* _TASK GOAL_
From the data below, return only the lines from the one with "Москва. 2 октября." through the one with "- Secret artifacts: It", exact and inclusive, with pictures left out.

* _DATASET RECORDS_
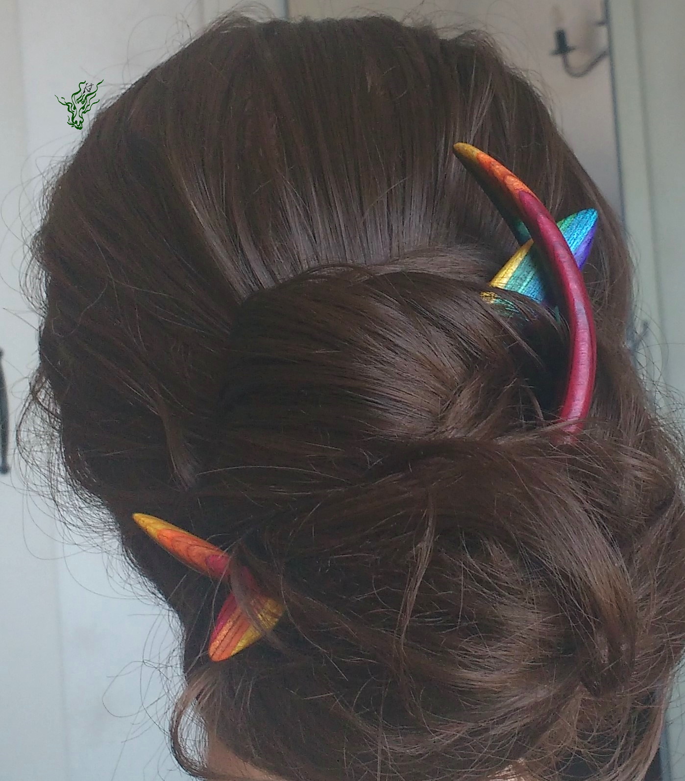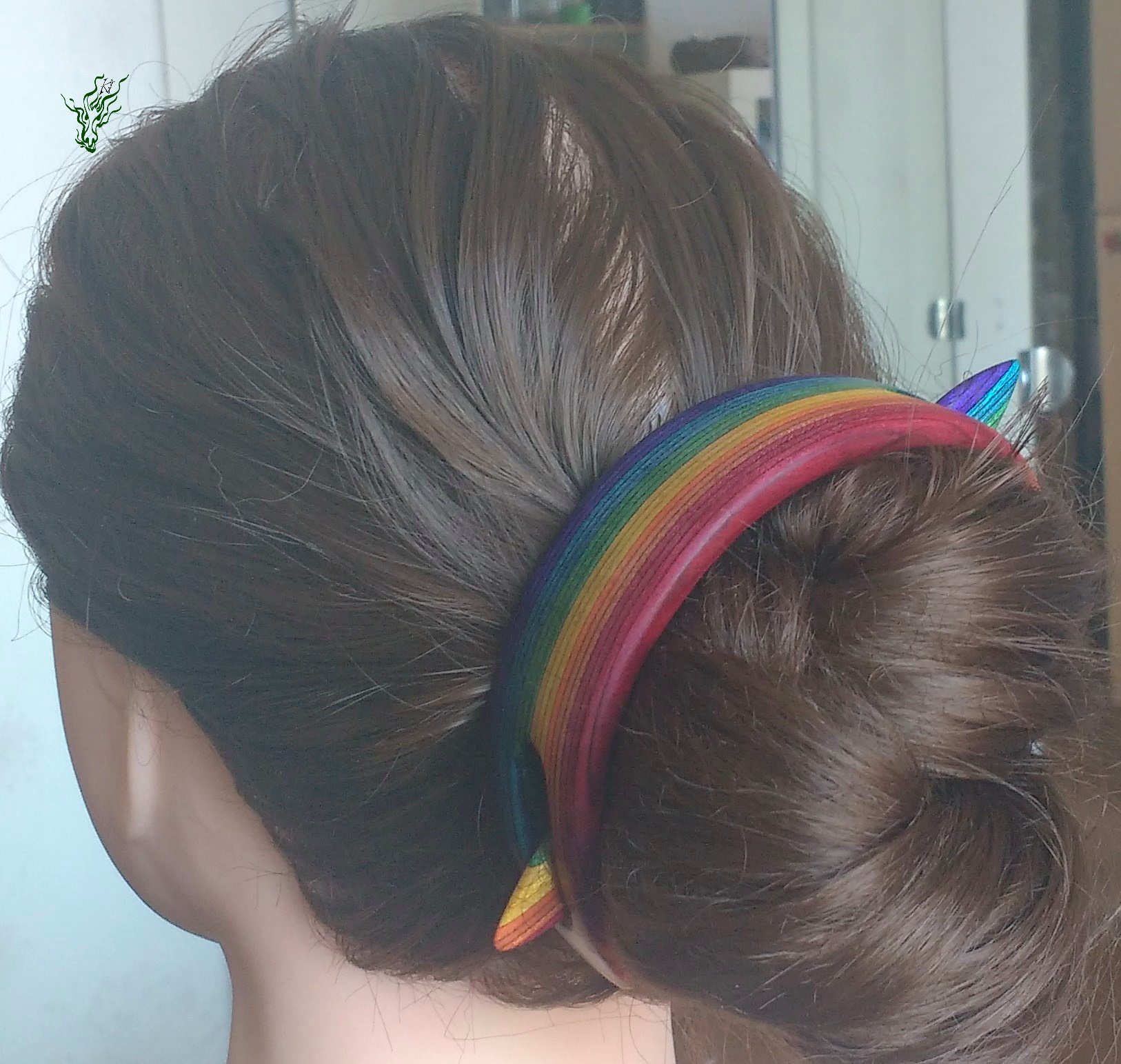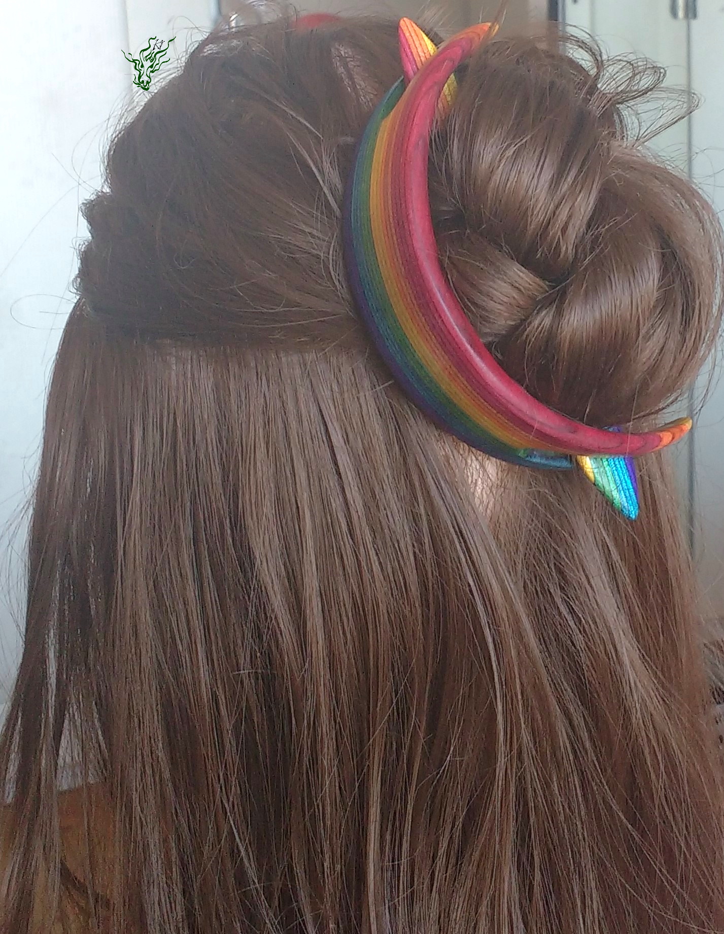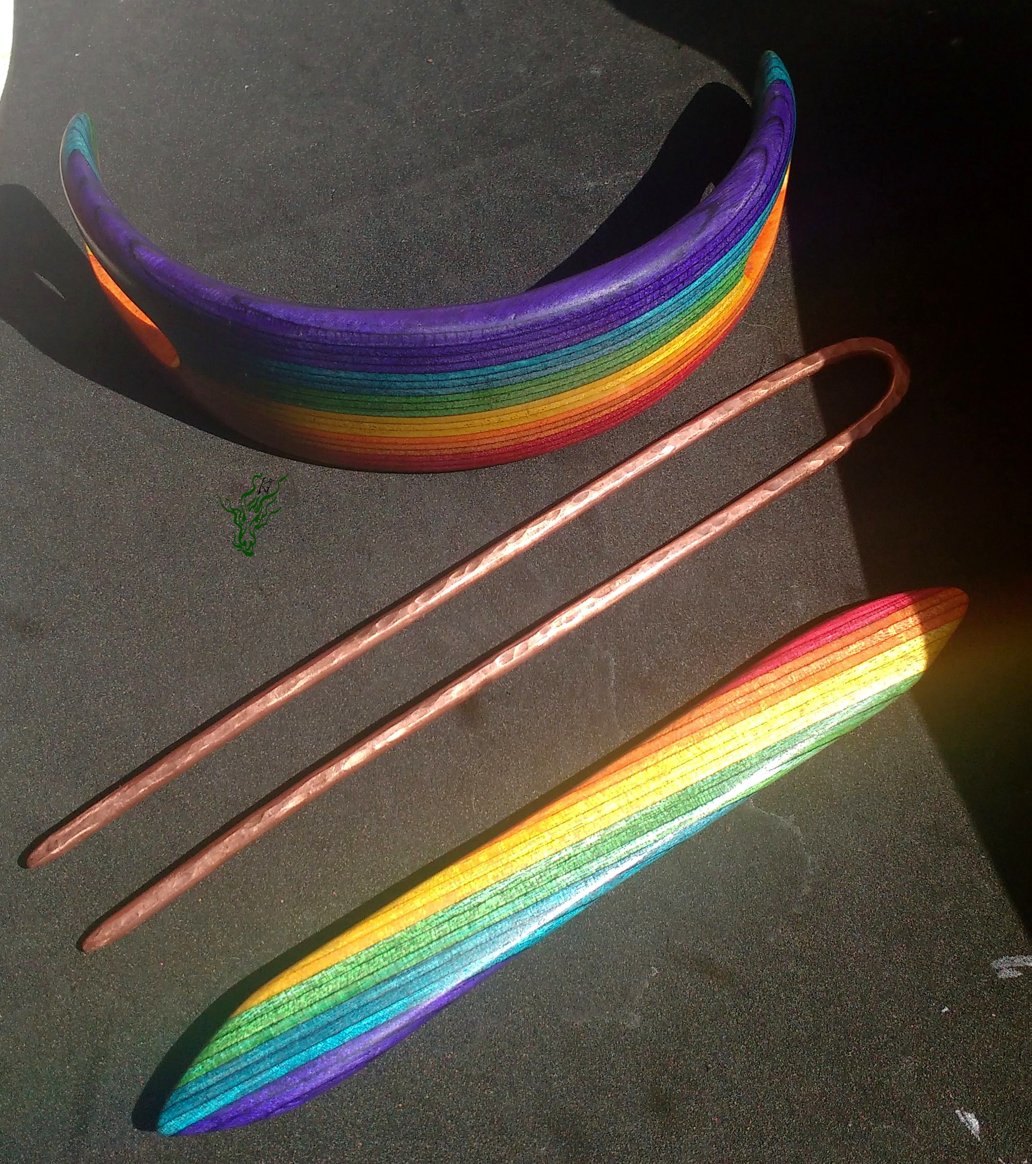 Haarspange aus meinem herrlichen selbst designten RegenbogenHolz mit passendem Regenbogenstab und gehämmerte Kupferforke im Set. Ich selbst hab so meine Schwierigkeiten, Haarmonde zum Halten zu bringen & deshalb wieder mal ein wenig experimentiert, um einen bequemen Mond- Haarschmuck zu kreieren.
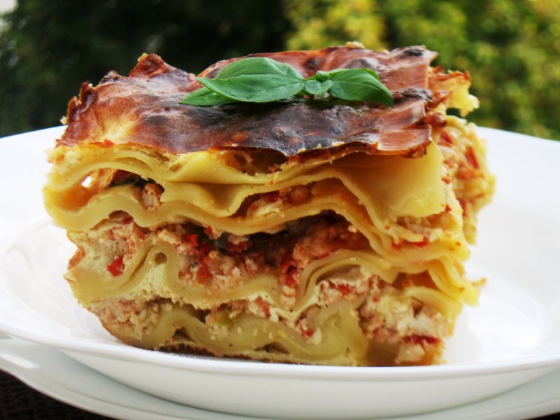 Intr-o tava de cuptor, intindem pe rand, foi de lasagna, turnam jumatate de cantitate din ouale batute cu smantana, presaram branza rasa si adaugam pieptul de pui cu sucul de rosii.
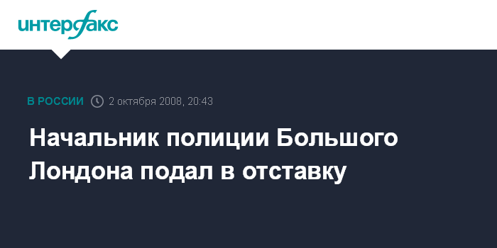 Москва. 2 октября. INTERFAX.RU - Начальник полиции Большого Лондона Иан Блэр в четверг подал в отставку, сообщают британские СМИ. Его пост на правах исполняющего обязанности занял бывший заместитель сэр Пол Стивенсон.
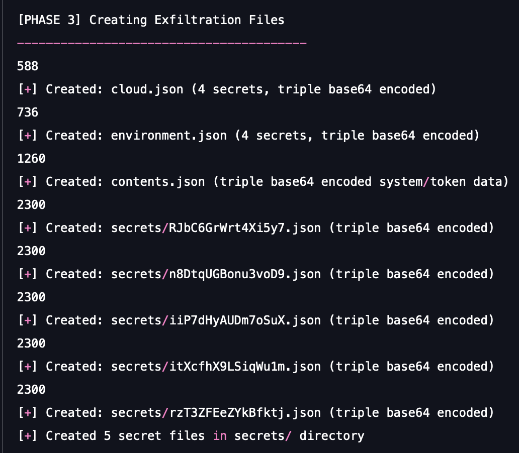 - Secret artifacts: It commits file iocs like cloud.json and environment.json containing fake cloud and database credentials. These contents are triple Base64 encoded to simulate the obfuscation used by the attacker and stress log analysis tools.
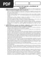 El error de cierre de una poligonal: es la discrepancia entre los valores obtenidos por la observacin y los previamente conocidos. Es consecuencia de los errores cometidos en la medida de los ngulos y distancias. Cuando se miden los ngulos internos de una poligonal cerrada es posible efectuar un control de cierre angular, dado que la suma de los ngulos interiores de un polgono es igual a 180 x (n 2). El error angular de la poligonal : El error de cierre angular es igual a la diferencia de 180 (n 2) menos la sumatoria de los ngulos interiores e = 180 ( n 2) aint El error de cierre angular debe ser menor o igual que la tolerancia. Por tolerancia se entiende el mayor error permitido (Emax). La tolerancia depende de los instrumentos que se utilizan y los mtodos de levantamiento que se aplican. Una vez obtenido el error de cierre angular menor o igual que la tolerancia se procede a compensar los ngulos. Una forma de compensar los ngulos es por partes iguales. Para obtener la correccin angular c, se divide el error por el nmero de vrtices C = e/n TOPOGRAFIA 1 Obtenida la correccin, se suma o se resta de acuerdo al signo del error, a cada uno de los ngulos En funcin de las caractersticas del instrumento, del nmero de tramos y de la longitud de stos, existe una tolerancia o error mximo permitido para los ngulos y las coordenadas. Cuando la poligonal no puede terminar en un punto conocido, se puede cerrar en el punto de partida para poder comprobar las observaciones. Representacin grfica: Luego de compensar los ngulos y promediar las medidas de las distancia de los lados se puede representar la poligonal. Establecida la escala de trabajo, se representa la primera estacin y el primer lado, en forma arbitraria o marcando su acimut. Se utiliza un crculo graduado y un escalmetro. Se representa estacin por estacin hasta llegar al ltimo vrtice que debera coincidir con el
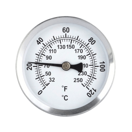 Heizkörperthermometer oder Rohrthermometer: Dieses Zeigerthermometer mit Ø 50 mm verfügt über einen Magneten zur Montage auf Eisenmetallen und zeigt die Temperatur in einem Bereich von 0 bis 120 ° C oder 32 bis 250°F an.
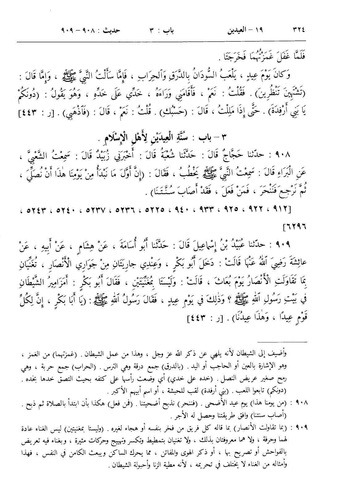 : دخل أبو بكر وعندي جاريتين من جواري الأنصار تغنيان بما تقاولت الأنصار يوم بعاث قالت وليستا بمغنيتين فقال أبو بكر أمزامير الشيطان في بيت رسول الله صلى الله عليه و سلم ؟ وذلك في يوم عيد فقال رسول الله صلى الله عليه و سلم ( يا أبا بكر إن لكل قوم عيدا وهذا عيدنا )
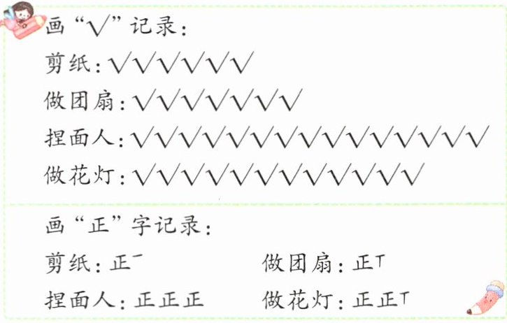 画“正”字记录中,一个“正”字代表5人,“正一”表示5 + 1 = 6人,即剪纸6人;“正T”表示5 + 2 = 7人,即做团扇7人;“正正正”表示3×5 = 15人,即捏面人15人;“正正T”表示2×5 + 2 = 12人,即做花灯12人。
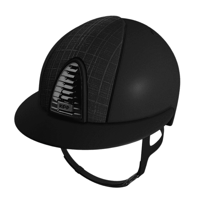 Kep Italia Cromo 2.0 nero opaco con inserto frontale 'Galassia' nero, visiera opaca nera e cinturino in pelle nero. Imbottitura interna inclusa nel prezzo, da indicare la taglia nelle note d'ordine.

* _TASK ANSWER_
 Москва. 2 октября. INTERFAX.RU - Начальник полиции Большого Лондона Иан Блэр в четверг подал в отставку, сообщают британские СМИ. Его пост на правах исполняющего обязанности занял бывший заместитель сэр Пол Стивенсон.
 - Secret artifacts: It commits file iocs like cloud.json and environment.json containing fake cloud and database credentials. These contents are triple Base64 encoded to simulate the obfuscation used by the attacker and stress log analysis tools.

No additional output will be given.